● **Description of the task**
Exactly the lines from the one containing "SIZING and CARING" through the end of the listing must make up the answer, with no pictures included.

+++++

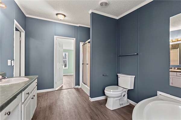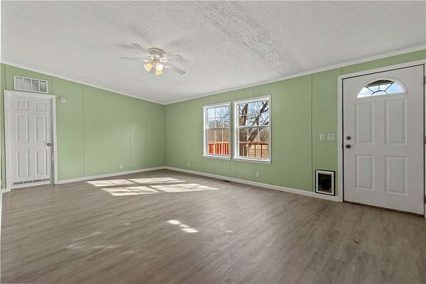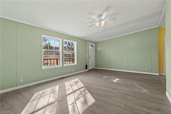 Spacious 4BR/2BA manufactured home with approximately 2,100 sq. ft. situated on 2.25 acres. Features include a large primary suite with walk-in closet, open living areas, and two decks ideal for entertaining or enjoying the outdoors. Outbuilding conveys for added storage or workshop potential. A great opportunity for space and privacy!
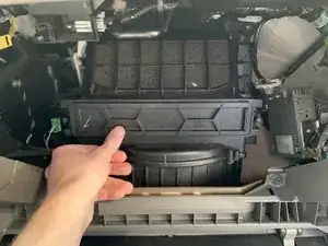 Нажмите внутрь на два пластиковых элемента по обе стороны фильтра и потяните на себя для удаления.
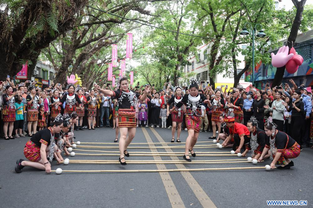 WUZHISHAN, 2 avril (Xinhua) -- Des gens exécutent la danse du bambou lors d'une célébration du Festival Sanyuesan à Wuzhishan, ville de la province chinoise de Hainan (sud), le 31 mars 2025. La population locale a organisé divers événements à Wuzhishan pour célébrer le Festival Sanyuesan qui tombe le troisième jour du troisième mois lunaire. (Photo : Zhang Liyun)
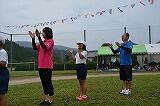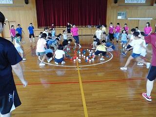 最初に南九州大学の学生さんの指導のもと親子で体操レクリエーション
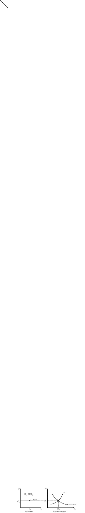 Отдельная фирма на конкурентном рынке труда покупает незначительную долю трудовых ресурсов и не может повлиять на их цену. Поэтому кривая предложения труда для отдельной фирмы абсолютно эластична и задаётся уровнем равновесной заработной платы (SL=WE), которая определяет предельные и средние издержки труда фирмы (WE=MRCL=АRCL). Точка пересечение кривых индивидуального спроса на труд (DL=MRPL) и предложения труда для фирмы (SL=WE) задаёт количество труда, используемого фирмой (LE), при котором соблюдается правило максимизации прибыли: MRPL=MRCL=WЕ.
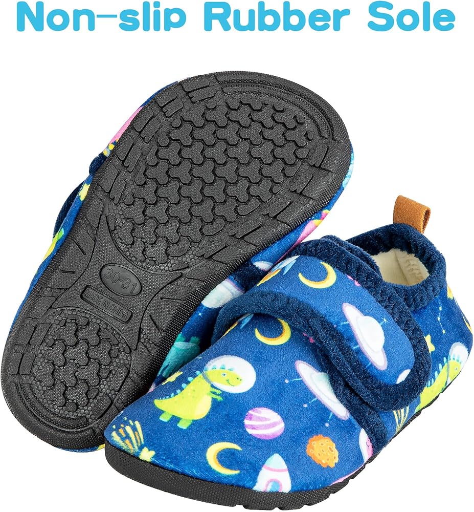 SIZING and CARING TIP: All OBBYCO slippers fit snug for most customers, so if your kids have wide feet or are between sizes, we suggest sizing up. See the size chart for more details. These closed toe slippers are also machine washable, which makes caring for them easily. Machine Wash Cold, avoid Long Time Soaking and Scrubbing.
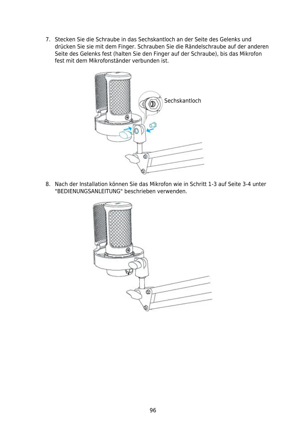 8. Nach der Installation können Sie das Mikrofon wie in Schritt 1-3 auf Seite 3-4 unter
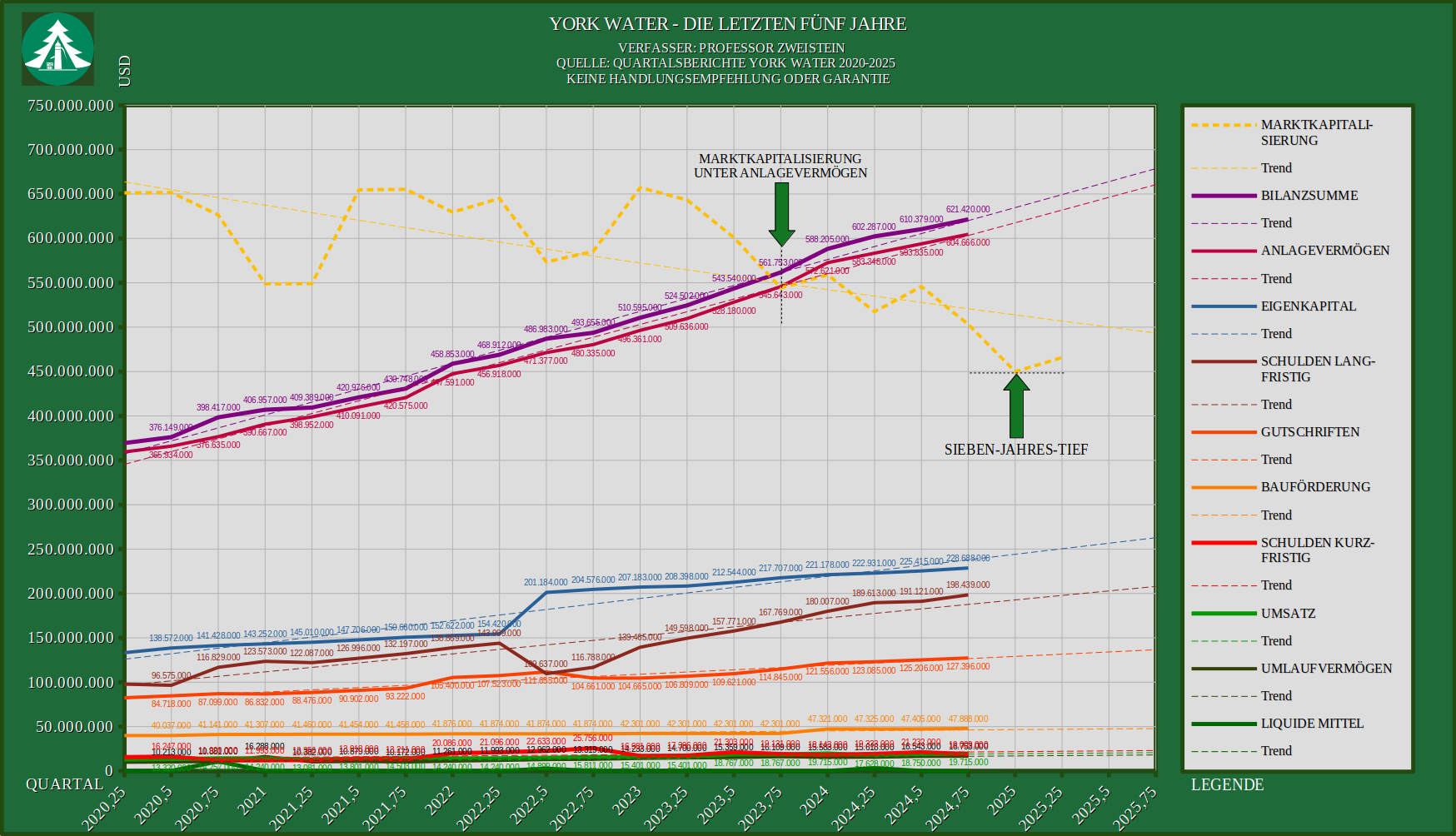 Meine Auswertung hat ergeben, dass die Marktkapitalisierung im Januar 2025 ein Sieben-Jahres-Tief aufweist. Sie durchkreuzte das Anlagevermögen der Gesellschaft irgendwann Ende 2023 nach unten und liegt inzwischen weit unter dem Durchschnittswert. Dabei sind die Zahlen ungebrochen konstant. Der Immobilienbesitz der Gesellschaft ist beträchtlich und nimmt beständig zu. Im Q4 2024 wurden drei Leitungsnetze gekauft. Die Erneuerung eines Dammes ist ebenso abgeschlossen. Das Eigenkapital und die Dividende steigen beständig. Kurzfristige Verschuldung, Umsatz und Umlaufvermögen gehen Hand in Hand und sind gemessen an den anderen Vermögenswerten sehr gering. Die langfristige Verschuldung steigt beständig und dient der Finanzierung von Immobilien, so dass kontinuierliche Gegenwerte hierfür bestehen, die wesentlich höher als die Verschuldung sind. 2022 gelang eine Tilgung. Zudem bestehen Gutschriften durch Kunden und eine Art Baufinanzierung gegen Gegenleistung, die kontinuierlich ist.

+++++

● **Answer to this task**
 SIZING and CARING TIP: All OBBYCO slippers fit snug for most customers, so if your kids have wide feet or are between sizes, we suggest sizing up. See the size chart for more details. These closed toe slippers are also machine washable, which makes caring for them easily. Machine Wash Cold, avoid Long Time Soaking and Scrubbing.
 8. Nach der Installation können Sie das Mikrofon wie in Schritt 1-3 auf Seite 3-4 unter
 Meine Auswertung hat ergeben, dass die Marktkapitalisierung im Januar 2025 ein Sieben-Jahres-Tief aufweist. Sie durchkreuzte das Anlagevermögen der Gesellschaft irgendwann Ende 2023 nach unten und liegt inzwischen weit unter dem Durchschnittswert. Dabei sind die Zahlen ungebrochen konstant. Der Immobilienbesitz der Gesellschaft ist beträchtlich und nimmt beständig zu. Im Q4 2024 wurden drei Leitungsnetze gekauft. Die Erneuerung eines Dammes ist ebenso abgeschlossen. Das Eigenkapital und die Dividende steigen beständig. Kurzfristige Verschuldung, Umsatz und Umlaufvermögen gehen Hand in Hand und sind gemessen an den anderen Vermögenswerten sehr gering. Die langfristige Verschuldung steigt beständig und dient der Finanzierung von Immobilien, so dass kontinuierliche Gegenwerte hierfür bestehen, die wesentlich höher als die Verschuldung sind. 2022 gelang eine Tilgung. Zudem bestehen Gutschriften durch Kunden und eine Art Baufinanzierung gegen Gegenleistung, die kontinuierlich ist.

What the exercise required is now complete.